Perhaps you see or hear about others easily making 100 times or even 1000 times returns by playing meme coins or meme tokens, but that does not mean you can seize those opportunities. Instead of spending a lot of time doing useless work asking others for the secrets to getting rich, it is better to calm down, think, and build your own advantages.
So how can you quickly build your own advantages?
This is not difficult in terms of thinking; we just need to "deconstruct" based on our long-term goals. Here are two specific examples:
For instance, I used to enjoy researching various on-chain data, so I established a "data channel" for myself, collecting, categorizing, and organizing over 300 data-related websites/tools using EXCEL (some of the tools I consider commonly used have already been synced to the Talking about Li, Talking about the Outside Notion). When you read articles from Talking about Li, Talking about the Outside, you often see me referencing various dimensions of data or screenshots; these are all the result of my organized data channels. Similarly, I will further break down independent data summaries for specific purposes, such as the more than 40 BTC indicators included in the "Bitcoin Indicator Template" I shared in previous articles, which is one of my important references for long-term Bitcoin investment.

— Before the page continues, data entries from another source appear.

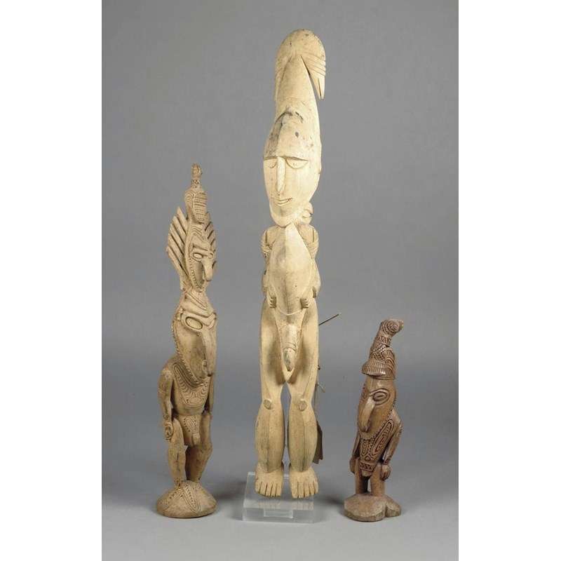 An Abelam standing male figure, Papua New Guinea, wearing a headdress, 66.5cm high, and two Sepik carved wood ancestor figures. (3)
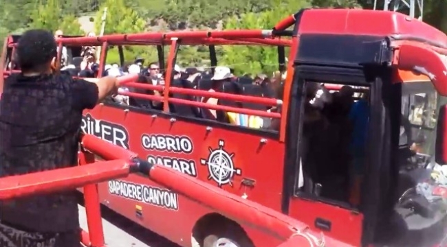Alanya İlçe Jandarma Komutanlığı trafik ekipleri tarafından Sapadere Kanyon yolunda yapılan kontrollerde, 07 HNK 61 plakalı araç ve sürücüsü A.Y. durduruldu. Yapılan sorgulamada, sürücünün 2 Temmuz’da basına da yansıyan görüntülerde, 07 BBR 883 plakalı araçtan direksiyonu terk ederek yan taraftaki safari aracındaki turistlere kova ile su attığı ve bu nedenle trafik kazasına sebebiyet veren aynı kişi olduğu belirlendi. 10 Ekim’de sürücü belgesi geri alındığı halde araç kullanıp yolcu taşıdığı tespit edilen safari sürücüsüne 2918 sayılı Karayolları Trafik Kanunu'nun 36/3-b (Sürücü Belgesi Geri Alındığı halde araç kullanmak) maddesi gereğince 12 bin 977 TL cezai işlem uygulandı. Sürücünün sevk ve idaresindeki 07 HNK 61 plakalı safari aracının sahibi Süvariler Turizm firması hakkında da ehliyetsiz araç kullanımına izin vermekten 12 bin 977 TL cezai işlem uygulandı. Ayrıca Süvariler Turizm seyahat firmasının Turizm Amaçlı Sportif Faaliyet izin belgesinin olmadığı tespit edilerek ilgili firmaya 64 bin 344 TL idari para cezası uygulanarak safari faaliyetinden men edildi. - Alanya Kaymakamlığı / Bülten
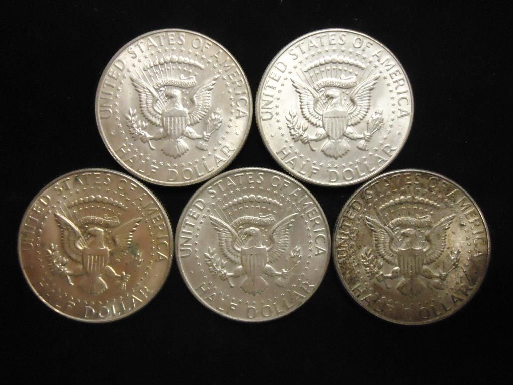 5 ASSORTED 40% SILVER KENNEDY HALF DOLLARS
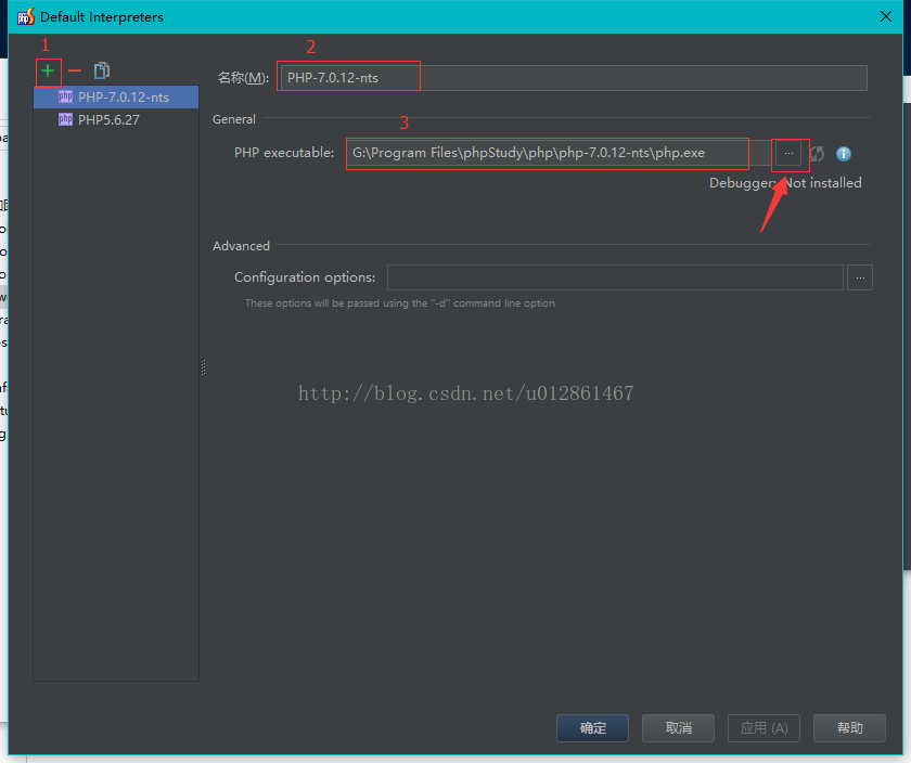 位置1 填写配置的名称,位置2填写我们本地服务器的地址,这里是“localhost”,端口默认是80,Debugger默认就好了,也可以去配置Xdebug,这里不重点讲。填写完成之后点击:应用->确定。

Another example is that I previously wrote some project research articles (during 2022-2023). To better understand or research projects, I designed a "project research template" for myself (this template has also been synced to the Talking about Li, Talking about the Outside Notion), summarizing and categorizing the aspects that need attention using EXCEL. As long as I follow the template to find the corresponding project information and score it, I can quickly understand a project's potential by focusing on the following points:
The project's alignment with market narratives and whether it has a high level of recognition (for example, having high visibility on social media)
The project's product-market fit (PMF) and changes in its core growth indicators (Mindshare)

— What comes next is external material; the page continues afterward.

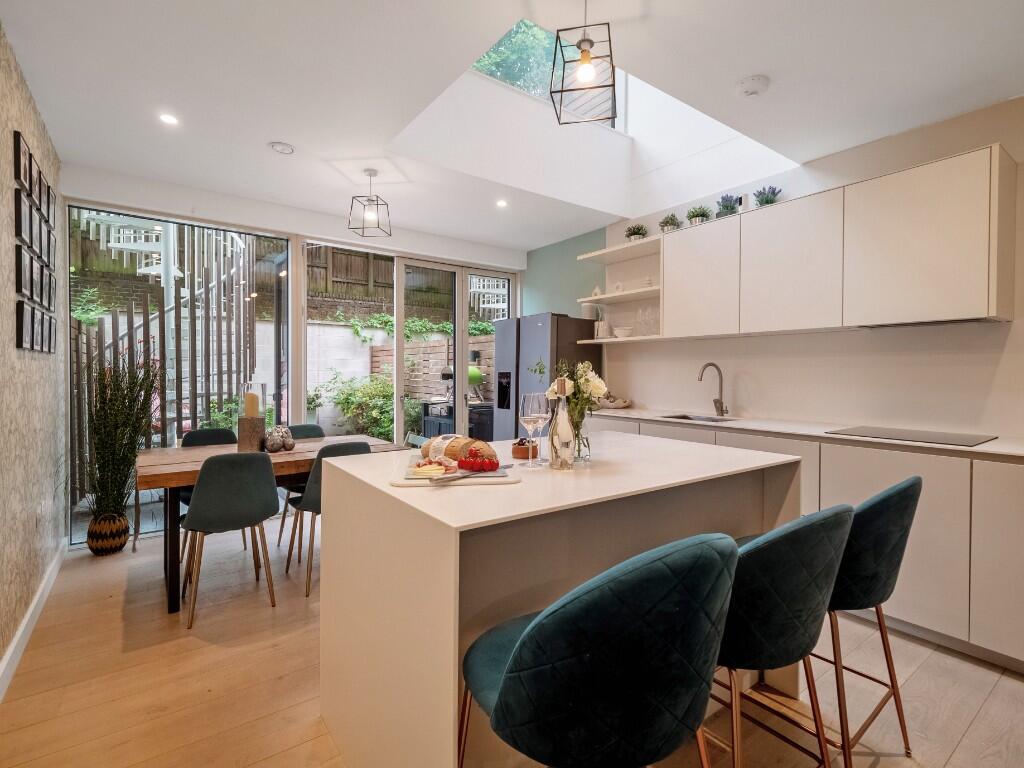 This is a well-presented terraced house in a sought-after location. The property boasts modern interiors, a private garden, and a roof terrace. While the price appears high compared to the local average, the property’s size and features may justify the premium. The proximity to good schools and transportation links further enhances its appeal.

Whether the project has good token economics (for example, unlocking conditions, token utility, and whether community interests are prioritized in distribution)
Similarly, we can establish our own information channels, decision-making systems, data models, circles, etc., based on our goals and needs.

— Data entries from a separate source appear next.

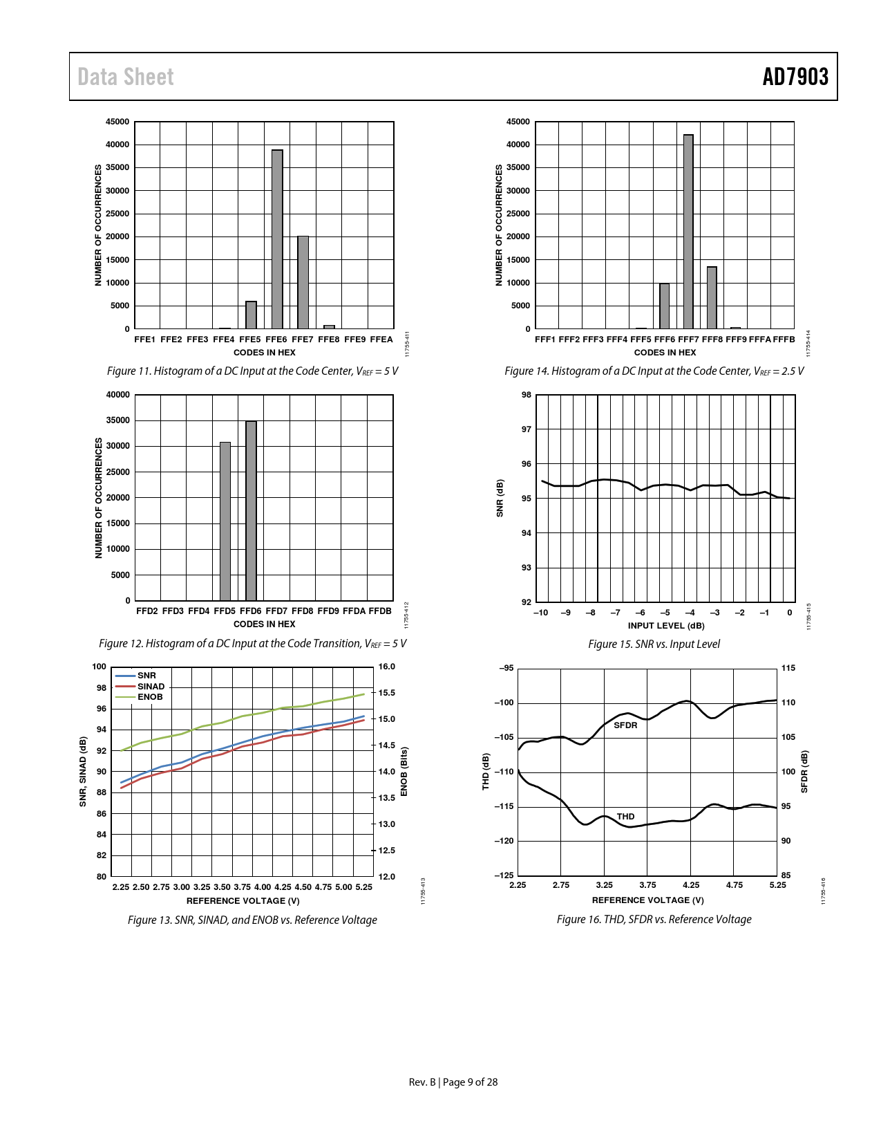 1755- 1 Figure 12. Histogram of a DC Input at the Code Transition, VREF = 5 V Figure 15. SNR vs. Input Level
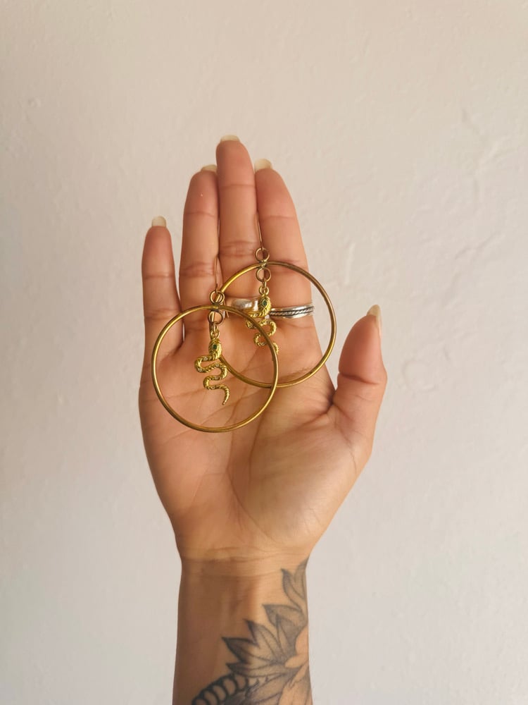 A forever serpent queen in the Lucero collection. Brass hoops, light weight earrings.
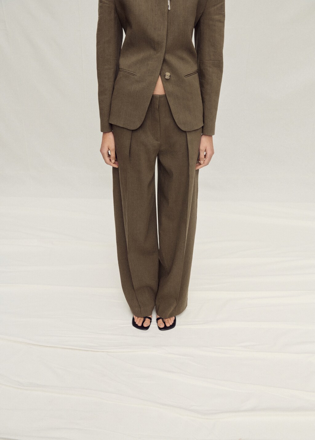 Leinen-Mix. Anzugstil. Langes Design. Gerades Design. Tiefer Sitz. Nahtloser Bund. Gürtelschlaufen. Seitentaschen. Vordere Abnäher. Verdeckter Knopf, Haken und Reißverschluss vorne mit Knopfleiste. Total Look. Selection-Kollektion

In summary, if we hope to achieve long-term success, it is not simply about relying on a few strokes of luck, but often about the continuous establishment and accumulation of our own advantages. One or a few successes may allow you to make quick money, but only by building your own advantages can you maintain steady progress and navigate through bull and bear cycles. Especially in the investment market, what we see or what others want you to see as so-called "shortcuts to success" are often traps for you. In the long run, the advantages you build for yourself are your strongest and most beneficial guarantees for opportunity.
What we should pursue is not to "seize opportunities" every time, but to find ways to become the person who "always has opportunities," maintaining patience and waiting for the right opportunities to come, without fearing to miss out.
That's all for today. The images/data referenced in the text have been added to the Talking about Li, Talking about the Outside Notion. The above content is merely personal views and analyses for learning and communication purposes and does not constitute any investment advice.